──────── STUDY MATERIAL

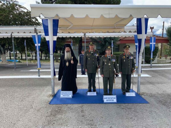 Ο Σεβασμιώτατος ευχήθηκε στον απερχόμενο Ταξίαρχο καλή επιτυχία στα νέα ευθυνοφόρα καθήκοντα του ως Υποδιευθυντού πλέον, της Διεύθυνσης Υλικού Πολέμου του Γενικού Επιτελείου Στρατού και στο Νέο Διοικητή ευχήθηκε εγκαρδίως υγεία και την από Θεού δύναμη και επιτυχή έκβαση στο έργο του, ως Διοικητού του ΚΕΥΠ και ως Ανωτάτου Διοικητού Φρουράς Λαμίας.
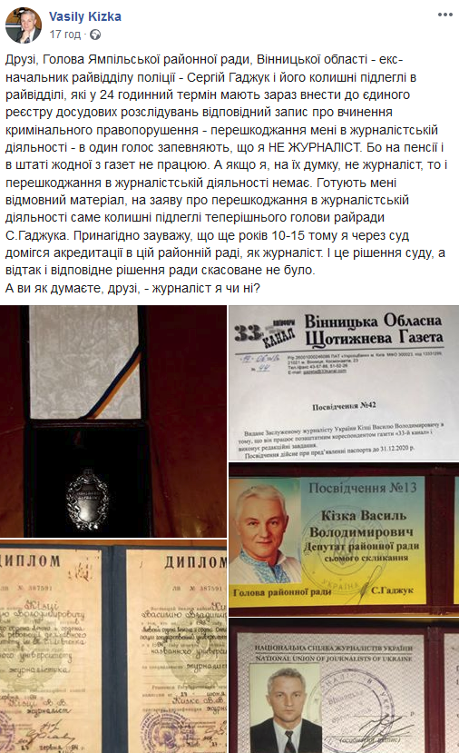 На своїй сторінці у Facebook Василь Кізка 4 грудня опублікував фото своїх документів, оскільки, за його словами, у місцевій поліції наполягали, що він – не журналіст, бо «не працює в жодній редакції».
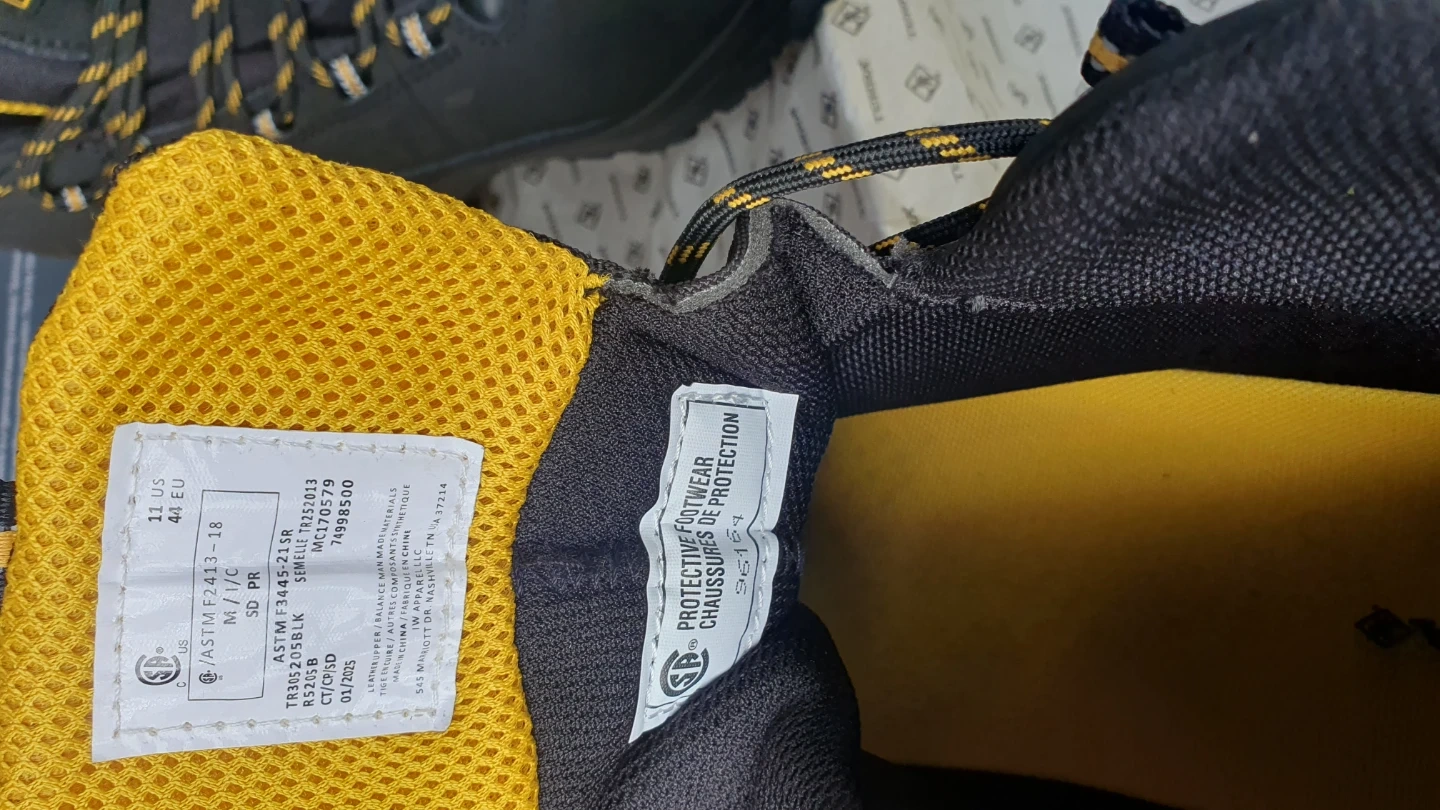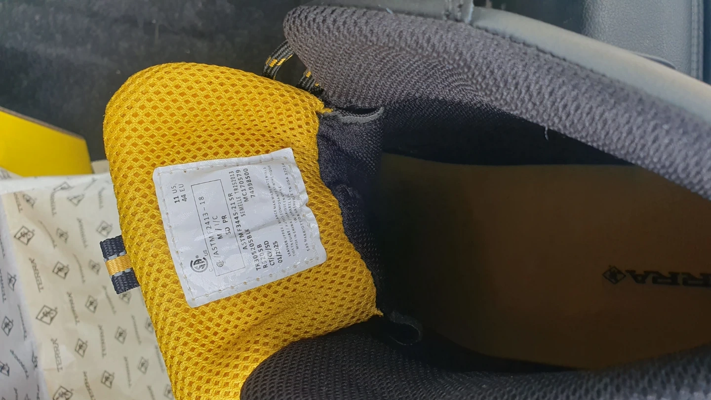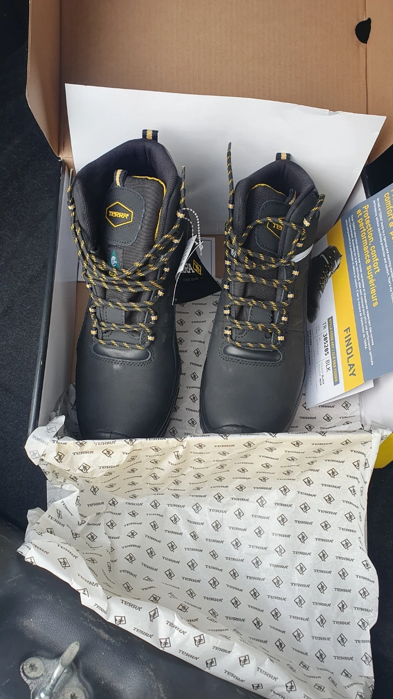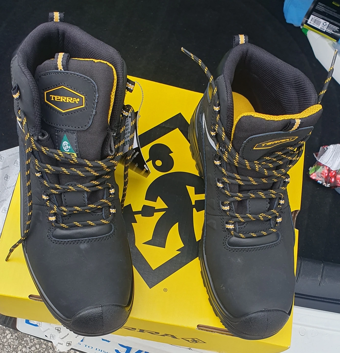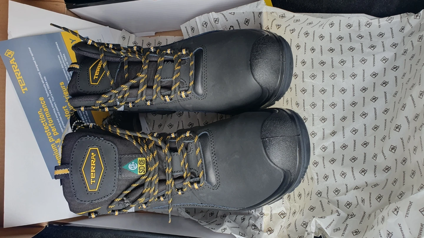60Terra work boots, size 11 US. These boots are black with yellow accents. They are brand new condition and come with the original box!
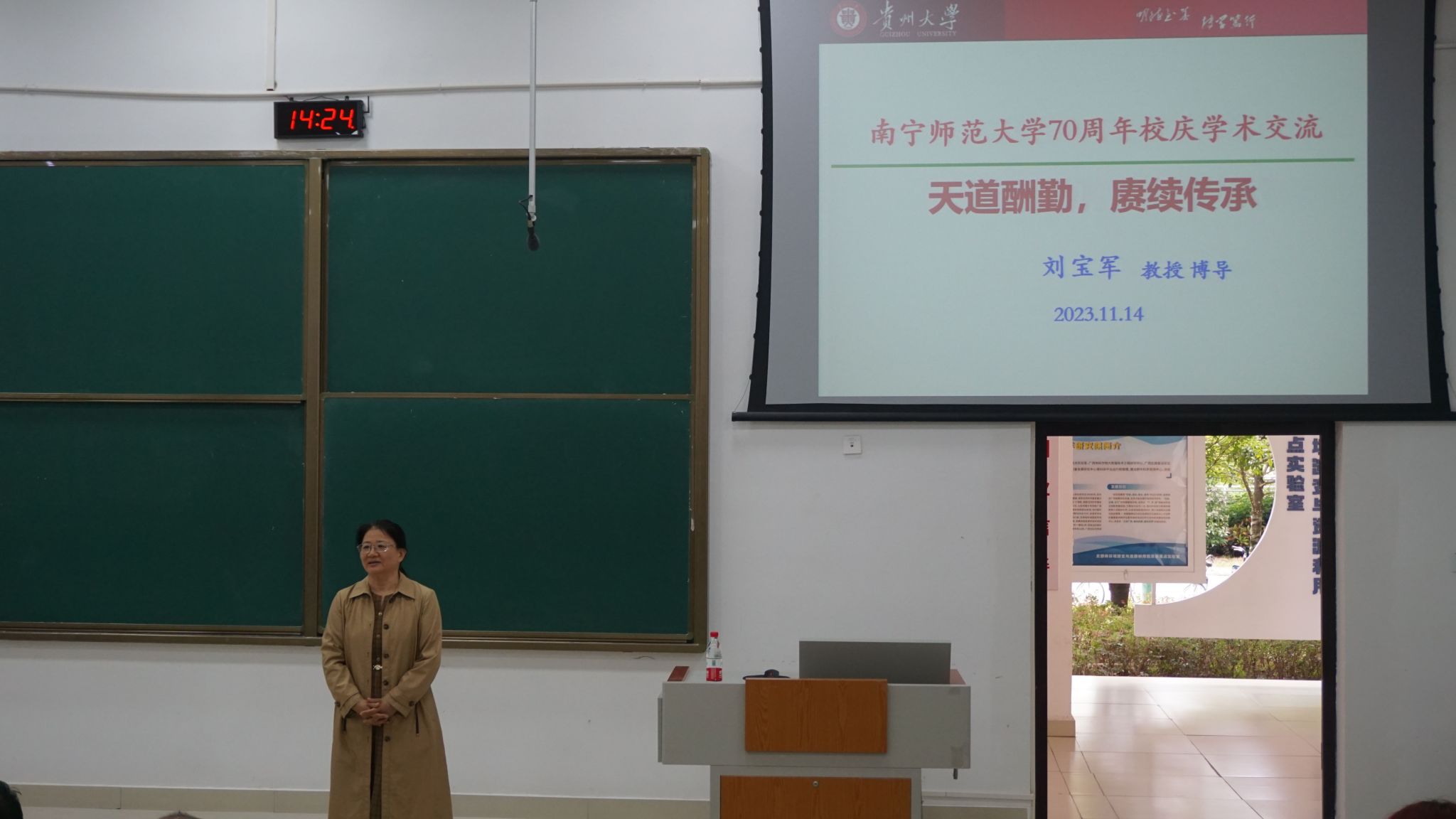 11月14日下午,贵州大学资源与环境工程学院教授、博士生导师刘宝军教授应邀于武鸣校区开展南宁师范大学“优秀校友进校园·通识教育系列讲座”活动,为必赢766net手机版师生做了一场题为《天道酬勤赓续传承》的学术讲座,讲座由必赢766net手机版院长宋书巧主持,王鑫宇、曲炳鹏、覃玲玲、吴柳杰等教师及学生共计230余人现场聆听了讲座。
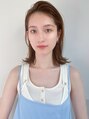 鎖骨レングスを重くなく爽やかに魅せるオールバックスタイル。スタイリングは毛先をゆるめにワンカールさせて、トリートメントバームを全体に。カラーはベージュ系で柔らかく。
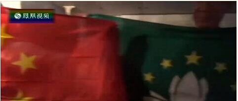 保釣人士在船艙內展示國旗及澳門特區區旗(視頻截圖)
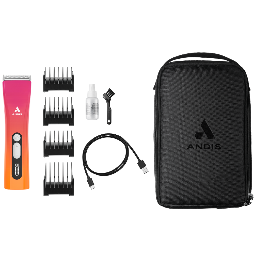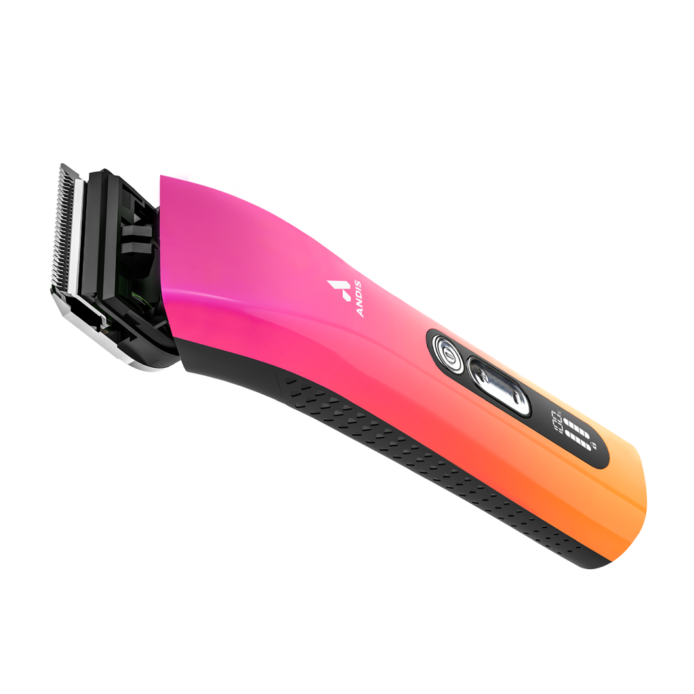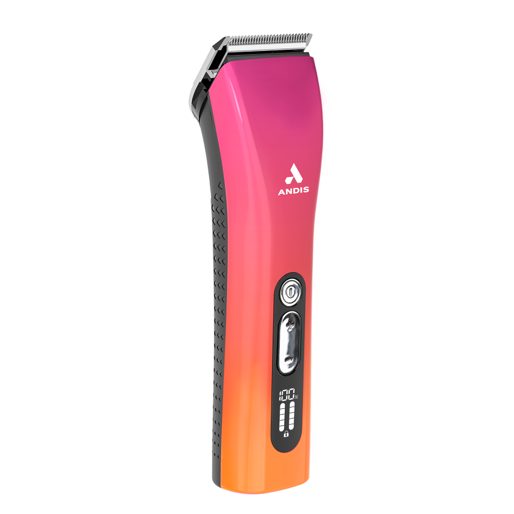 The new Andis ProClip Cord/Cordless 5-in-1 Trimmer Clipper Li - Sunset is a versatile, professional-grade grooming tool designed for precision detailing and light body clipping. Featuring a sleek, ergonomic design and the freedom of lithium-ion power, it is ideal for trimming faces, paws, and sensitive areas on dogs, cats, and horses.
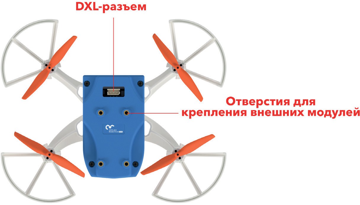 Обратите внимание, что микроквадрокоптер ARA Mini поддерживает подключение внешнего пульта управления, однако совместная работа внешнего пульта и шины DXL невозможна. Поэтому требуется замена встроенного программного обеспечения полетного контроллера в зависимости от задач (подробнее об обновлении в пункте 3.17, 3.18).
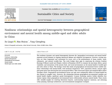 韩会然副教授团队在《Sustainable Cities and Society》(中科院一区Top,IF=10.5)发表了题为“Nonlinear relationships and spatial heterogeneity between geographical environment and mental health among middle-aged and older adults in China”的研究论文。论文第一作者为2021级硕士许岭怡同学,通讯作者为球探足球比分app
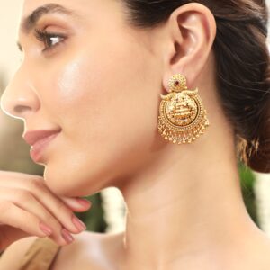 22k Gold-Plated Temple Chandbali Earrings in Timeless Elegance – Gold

────────────────

Lines from the one containing "60Terra work boots, size" through the final line of the entries above are to be retyped exactly, with every picture left out.

• TASK OUTPUT:
60Terra work boots, size 11 US. These boots are black with yellow accents. They are brand new condition and come with the original box!
 11月14日下午,贵州大学资源与环境工程学院教授、博士生导师刘宝军教授应邀于武鸣校区开展南宁师范大学“优秀校友进校园·通识教育系列讲座”活动,为必赢766net手机版师生做了一场题为《天道酬勤赓续传承》的学术讲座,讲座由必赢766net手机版院长宋书巧主持,王鑫宇、曲炳鹏、覃玲玲、吴柳杰等教师及学生共计230余人现场聆听了讲座。
 鎖骨レングスを重くなく爽やかに魅せるオールバックスタイル。スタイリングは毛先をゆるめにワンカールさせて、トリートメントバームを全体に。カラーはベージュ系で柔らかく。
 保釣人士在船艙內展示國旗及澳門特區區旗(視頻截圖)
 The new Andis ProClip Cord/Cordless 5-in-1 Trimmer Clipper Li - Sunset is a versatile, professional-grade grooming tool designed for precision detailing and light body clipping. Featuring a sleek, ergonomic design and the freedom of lithium-ion power, it is ideal for trimming faces, paws, and sensitive areas on dogs, cats, and horses.
 Обратите внимание, что микроквадрокоптер ARA Mini поддерживает подключение внешнего пульта управления, однако совместная работа внешнего пульта и шины DXL невозможна. Поэтому требуется замена встроенного программного обеспечения полетного контроллера в зависимости от задач (подробнее об обновлении в пункте 3.17, 3.18).
 韩会然副教授团队在《Sustainable Cities and Society》(中科院一区Top,IF=10.5)发表了题为“Nonlinear relationships and spatial heterogeneity between geographical environment and mental health among middle-aged and older adults in China”的研究论文。论文第一作者为2021级硕士许岭怡同学,通讯作者为球探足球比分app
 22k Gold-Plated Temple Chandbali Earrings in Timeless Elegance – Gold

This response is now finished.